During the COVID-19 pandemic, my entire family and I were confined to our home—our world shrunk to four walls. For nearly a year and a half, we lived in what felt like voluntary imprisonment, though the choice was really survival. Streets were silent, shops shuttered, and the rhythm of life outside paused indefinitely. Inside, time slowed to a crawl.

Our days blurred into each other, tethered by the television, which became both our window to the world and our only companion beyond each other. With schools closed, workplaces shuttered, and fear looming like a shadow, we gathered every evening in front of the screen—watching news reports, documentaries, and real-life stories unfold in grim repetition.

I spent what little savings I had, bit by bit, on food, utilities, and essentials.

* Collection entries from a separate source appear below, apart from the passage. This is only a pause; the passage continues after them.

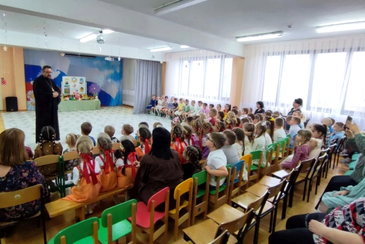 По завершении праздничных представлений отец Дионисий обратился к собравшимся с теплыми словами поздравления. Он поздравил детей, воспитателей и родителей с праздником Светлого Христова Воскресения, поблагодарил юных артистов за прекрасные выступления и отметил старания педагогов, подготовивших утренники.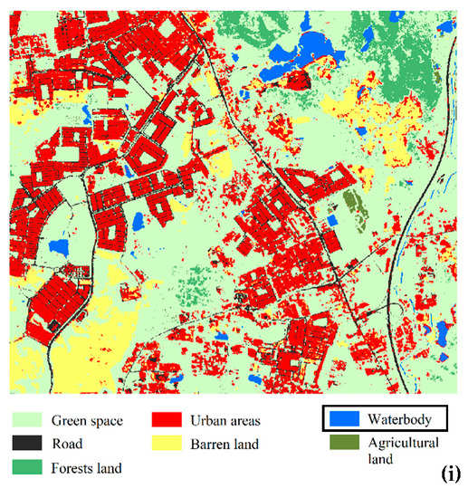 (a) Second test dataset (Ipoh area), (b) Ground truth map of the second test area, and classification results of the testing area with different unseen classes, (c) green space, (d) urban areas, (e) road, (f) agricultural land, (g) forest lands, (h) barren land, and (i) waterbody.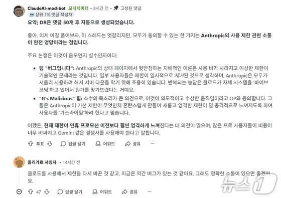 여기에 디스코드에 상주하는 앤트로픽 채널 관리자들이 비판 글을 삭제하고 있다는 주장까지 나오며 '클로드 사태'로 번지고 있다.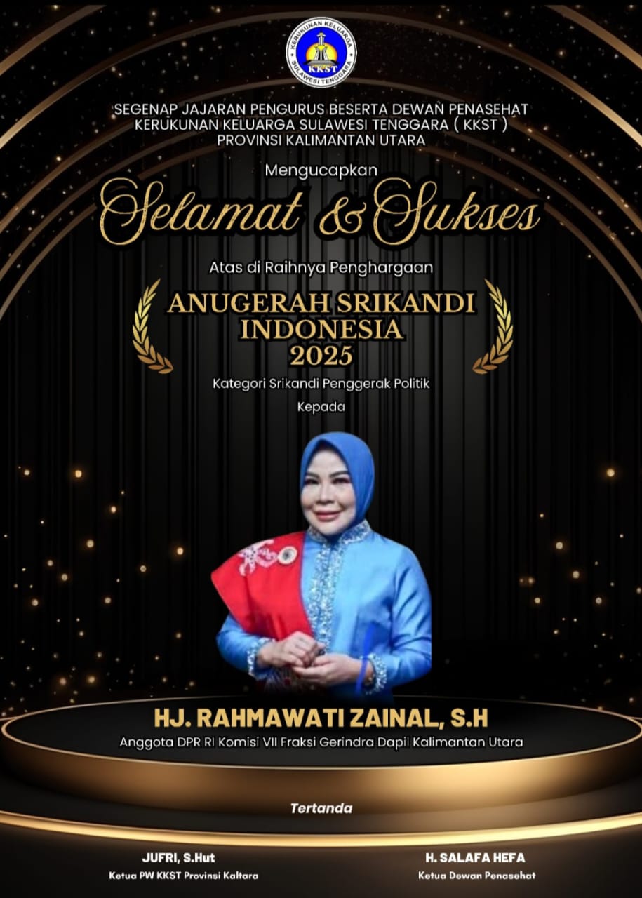 TANJUNG SELOR, KALTARA – Segenap jajaran pengurus dan Dewan Penasehat Kerukunan Keluarga Sulawesi Tenggara (KKST) Provinsi Kalimantan Utara menyampaikan ucapan selamat dan sukses kepada Hj. Rahmawati Zainal, S.H., Anggota DPR RI Komisi VII Fraksi Partai Gerindra dari Daerah Pemilihan Kalimantan Utara, atas diraihnya Anugerah Srikandi Indonesia 2025.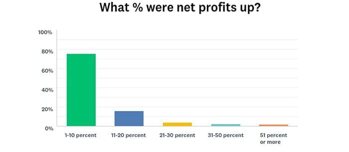 • Among those who said sales were up, 64 percent said the increase was in that same range (1 percent to 10 percent). Among respondents who said net profits were up, 75 percent said the increase was between 1 percent and 10 percent.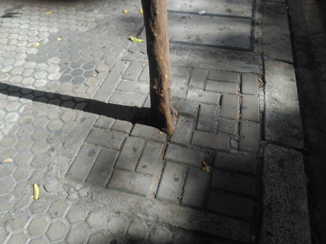 Destrucción de pavimento el perímetro de un alcorque, por causa del crecimiento de la especie vegetal.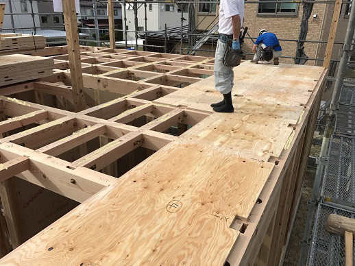 ↓お次は横架材(おうかざい:梁や胴差など水平に取り付ける材料)です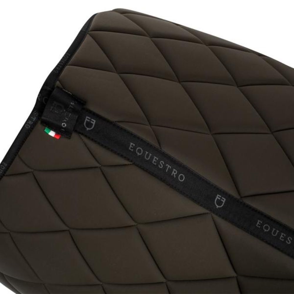 Dieses elegante Equestro-Set mit Spring-Schabracke und passendem Hut ist aus einem gepolsterten technischen Stoff gefertigt, der effektiv die Bewegung des Sattels minimiert und Stöße absorbiert. Es trägt zu einem erhöhten Komfort für das Pferd bei und reduziert das Risiko von Hautabschürfungen beim Reiten.

There was no income, only outflow—a slow drain that echoed the helplessness many of us felt. The anxiety wasn’t just about the virus, but also the dwindling money, the uncertainty of tomorrow, and the mental toll of monotony.

“In the silence of lockdown, as the world unraveled on television screens, I spent my savings and my strength—one day at a time—waiting for a dawn that felt endlessly out of reach.”

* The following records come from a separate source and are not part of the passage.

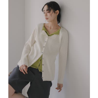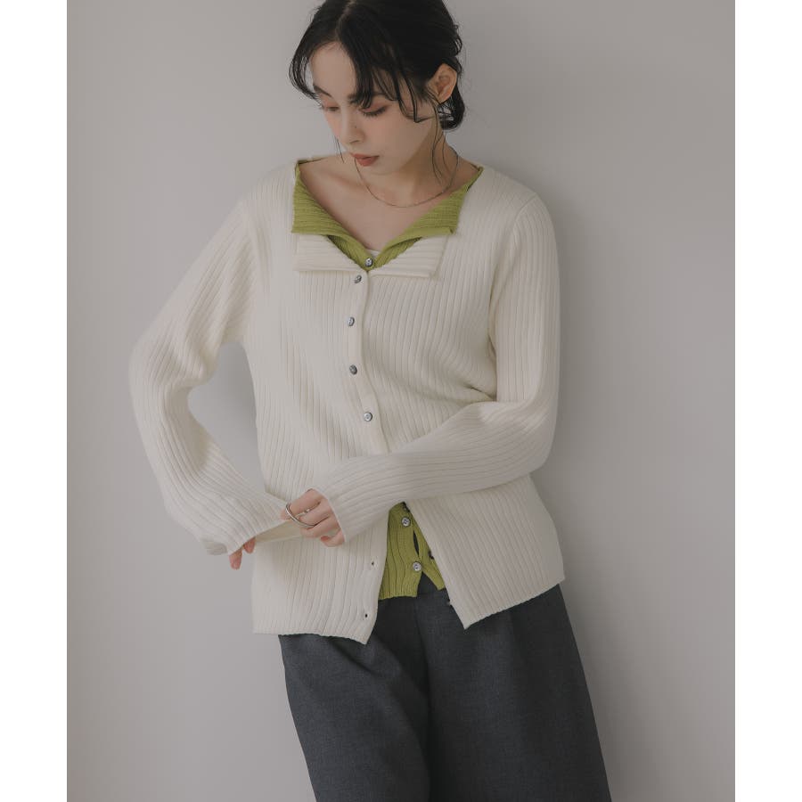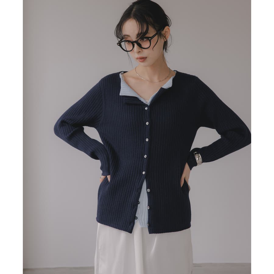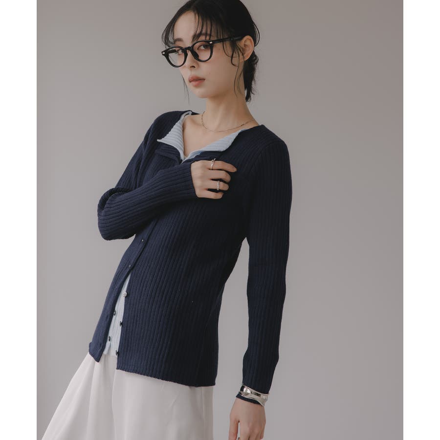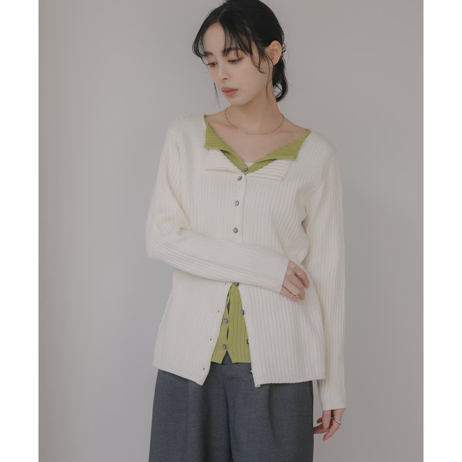 レイヤード バイカラー ニット カーディガン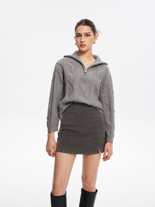 Boncuklu Kenarlı Fermuarlı Mini Etek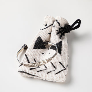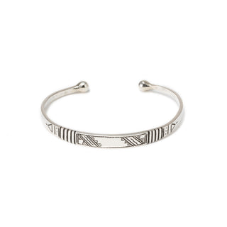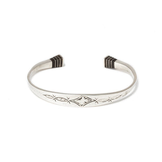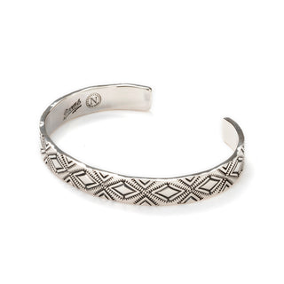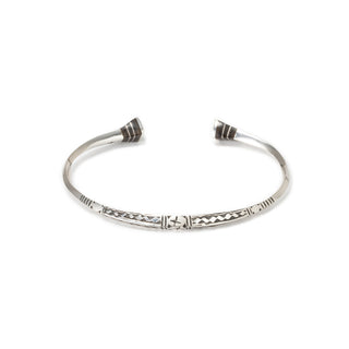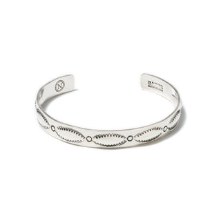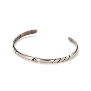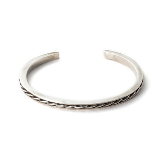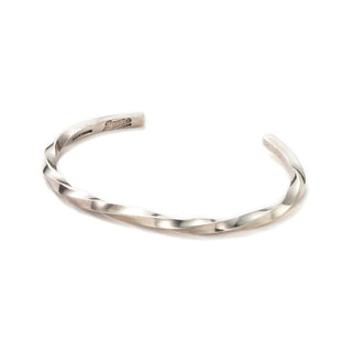 繊細な曲線で手首に個性を加えるシルバーバングル

What struck me the most during those long, uneasy nights were the countless stories of death aired on television. It became an obsession of sorts—not out of morbid curiosity, but perhaps a subconscious attempt to make sense of the chaos. I watched with numb eyes as different corners of the world flashed scenes of overwhelmed hospitals, mourning families, and unanswered cries. Every story of loss felt both distant and intimately close. Their grief became mine. It was overwhelming, and yet, I couldn’t look away.

The world seemed to be dying—piece by piece, person by person—and we were all witnesses to a tragedy we couldn’t stop. But in that silence, in that stillness, I also learned something about resilience. We had so little, yet we endured. We had each other.